[EXERCISE DATA]
* * *

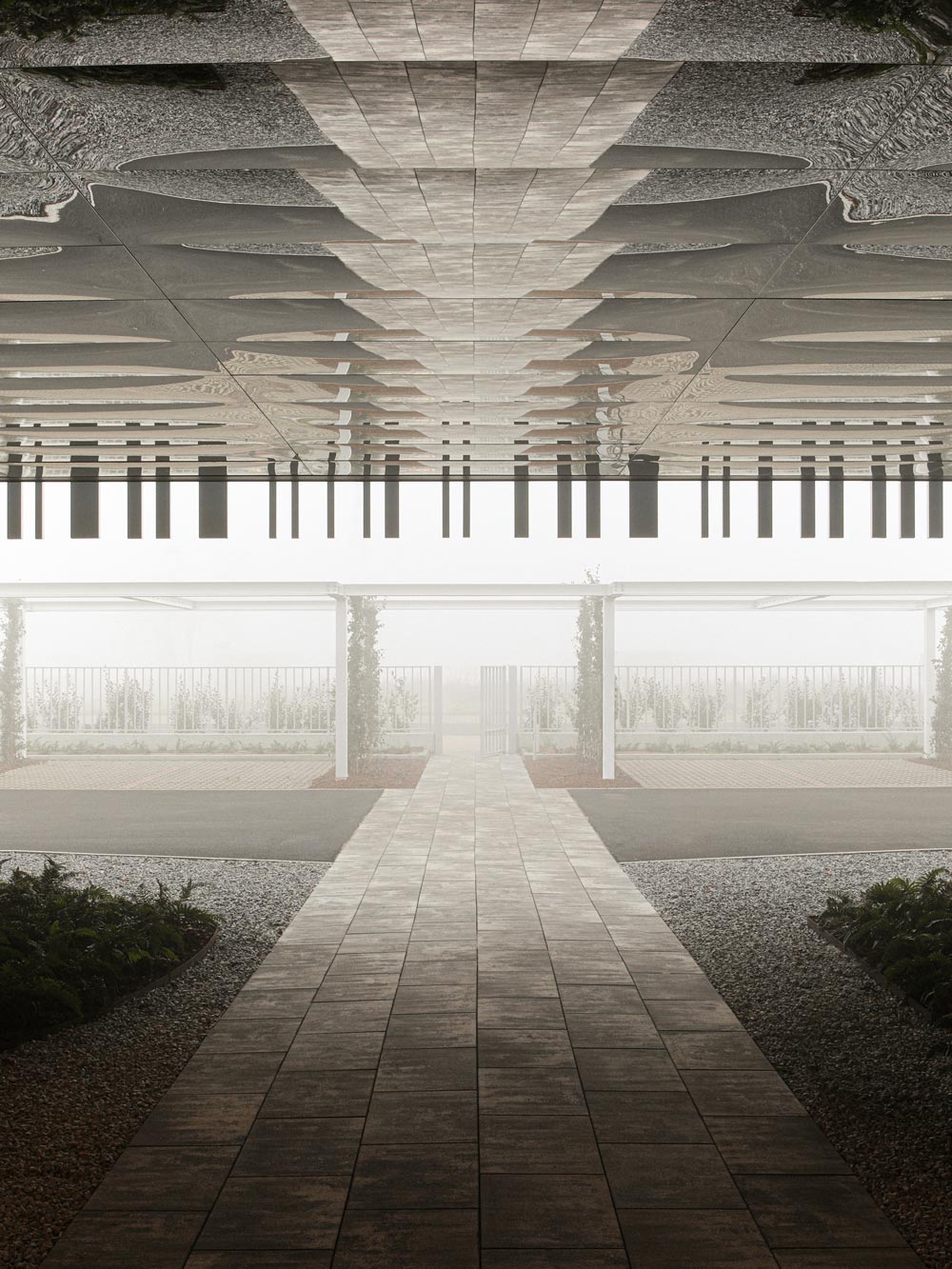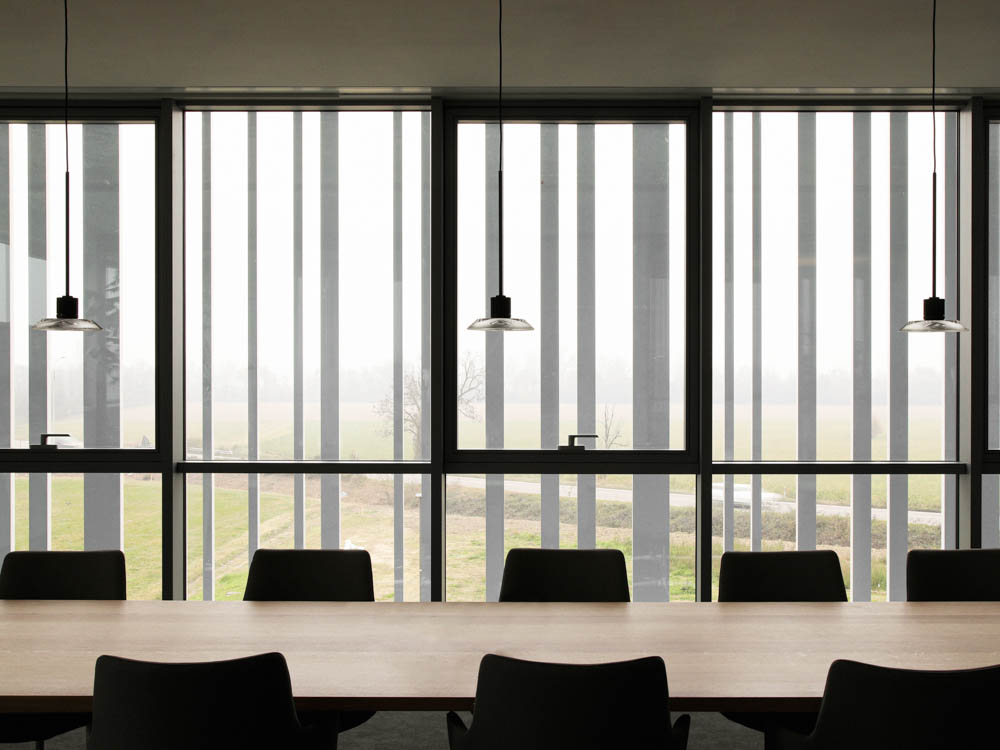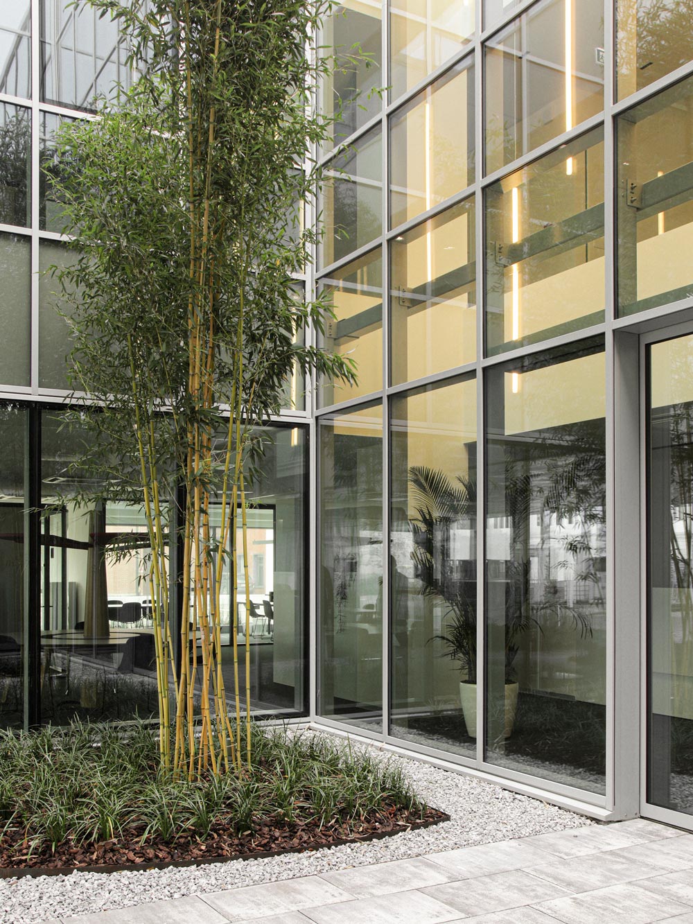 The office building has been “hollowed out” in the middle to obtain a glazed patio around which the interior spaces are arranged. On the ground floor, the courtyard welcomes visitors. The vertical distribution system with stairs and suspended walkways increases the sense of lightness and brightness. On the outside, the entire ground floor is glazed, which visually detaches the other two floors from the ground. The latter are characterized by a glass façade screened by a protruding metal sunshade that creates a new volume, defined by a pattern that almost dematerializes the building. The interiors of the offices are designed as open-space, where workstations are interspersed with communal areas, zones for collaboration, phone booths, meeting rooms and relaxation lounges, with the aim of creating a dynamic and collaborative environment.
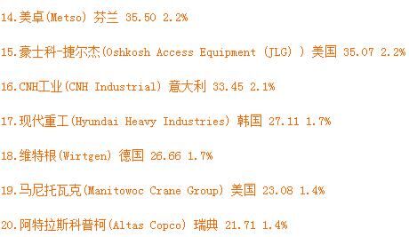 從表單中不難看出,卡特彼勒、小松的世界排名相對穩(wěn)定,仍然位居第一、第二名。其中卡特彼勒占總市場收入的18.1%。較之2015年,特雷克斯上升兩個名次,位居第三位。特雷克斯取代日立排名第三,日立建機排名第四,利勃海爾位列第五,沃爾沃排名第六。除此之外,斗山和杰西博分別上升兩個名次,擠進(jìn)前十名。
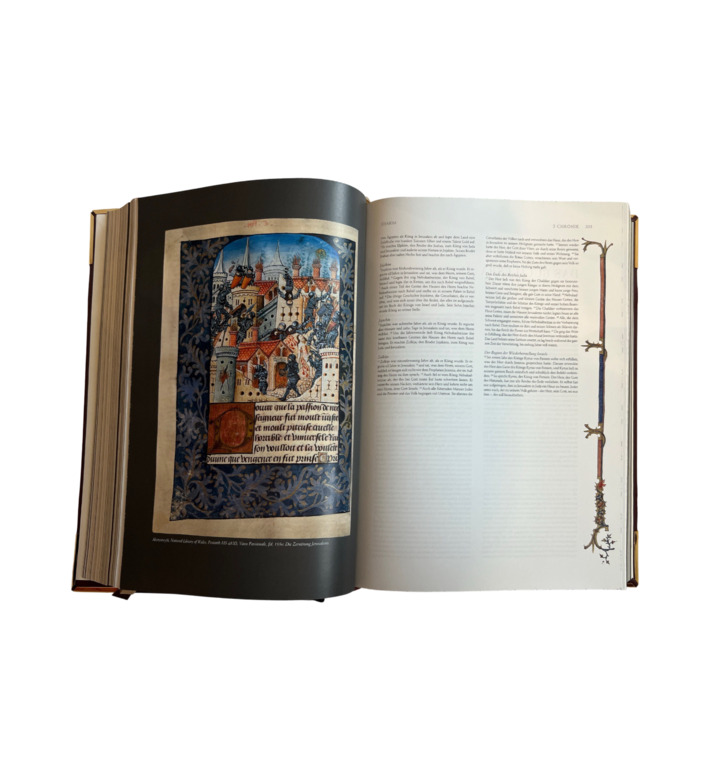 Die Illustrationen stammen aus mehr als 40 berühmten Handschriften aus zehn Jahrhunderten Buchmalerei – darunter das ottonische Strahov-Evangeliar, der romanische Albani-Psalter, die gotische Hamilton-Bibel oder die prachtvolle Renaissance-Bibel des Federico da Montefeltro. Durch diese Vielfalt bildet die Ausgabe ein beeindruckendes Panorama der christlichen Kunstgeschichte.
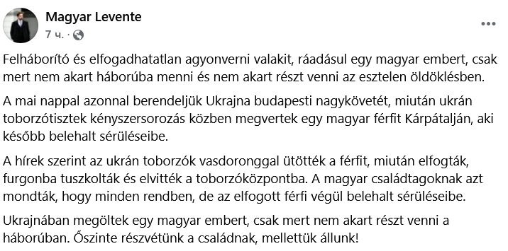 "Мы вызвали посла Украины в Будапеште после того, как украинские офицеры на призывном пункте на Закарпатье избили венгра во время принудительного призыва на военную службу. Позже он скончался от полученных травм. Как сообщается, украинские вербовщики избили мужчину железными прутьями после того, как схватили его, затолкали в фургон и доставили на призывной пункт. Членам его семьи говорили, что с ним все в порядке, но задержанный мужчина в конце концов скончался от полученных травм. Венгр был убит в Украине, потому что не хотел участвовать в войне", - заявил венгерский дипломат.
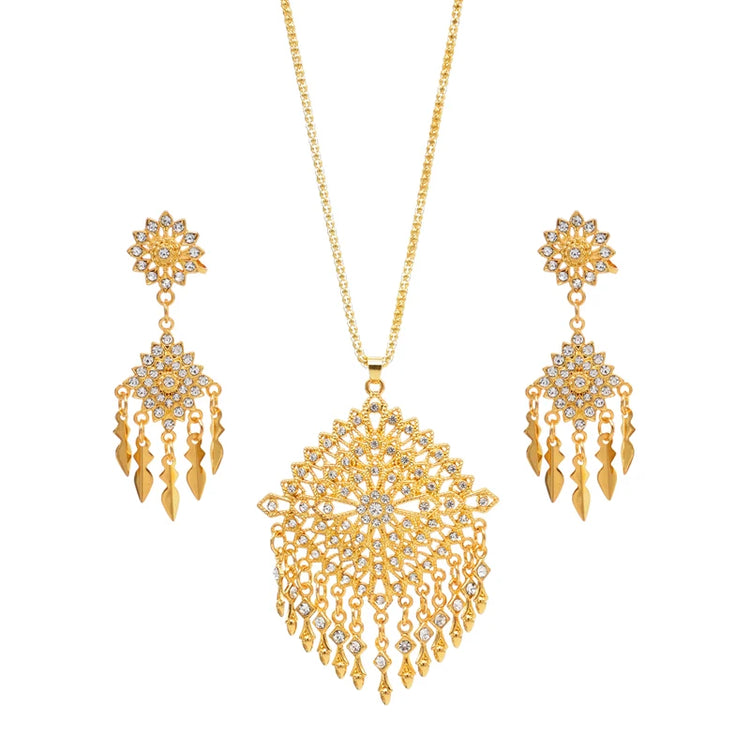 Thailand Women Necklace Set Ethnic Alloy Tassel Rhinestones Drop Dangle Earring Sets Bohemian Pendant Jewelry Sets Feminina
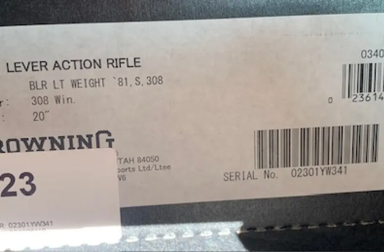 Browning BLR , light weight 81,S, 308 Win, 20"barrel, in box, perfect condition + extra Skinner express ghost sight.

* * *

[REQUIRED WORK] Print the entries as they stand, first line through the line holding "Die Illustrationen stammen", with every picture removed.

[EXERCISE ANSWER]
 The office building has been “hollowed out” in the middle to obtain a glazed patio around which the interior spaces are arranged. On the ground floor, the courtyard welcomes visitors. The vertical distribution system with stairs and suspended walkways increases the sense of lightness and brightness. On the outside, the entire ground floor is glazed, which visually detaches the other two floors from the ground. The latter are characterized by a glass façade screened by a protruding metal sunshade that creates a new volume, defined by a pattern that almost dematerializes the building. The interiors of the offices are designed as open-space, where workstations are interspersed with communal areas, zones for collaboration, phone booths, meeting rooms and relaxation lounges, with the aim of creating a dynamic and collaborative environment.
 從表單中不難看出,卡特彼勒、小松的世界排名相對穩(wěn)定,仍然位居第一、第二名。其中卡特彼勒占總市場收入的18.1%。較之2015年,特雷克斯上升兩個名次,位居第三位。特雷克斯取代日立排名第三,日立建機排名第四,利勃海爾位列第五,沃爾沃排名第六。除此之外,斗山和杰西博分別上升兩個名次,擠進(jìn)前十名。
 Die Illustrationen stammen aus mehr als 40 berühmten Handschriften aus zehn Jahrhunderten Buchmalerei – darunter das ottonische Strahov-Evangeliar, der romanische Albani-Psalter, die gotische Hamilton-Bibel oder die prachtvolle Renaissance-Bibel des Federico da Montefeltro. Durch diese Vielfalt bildet die Ausgabe ein beeindruckendes Panorama der christlichen Kunstgeschichte.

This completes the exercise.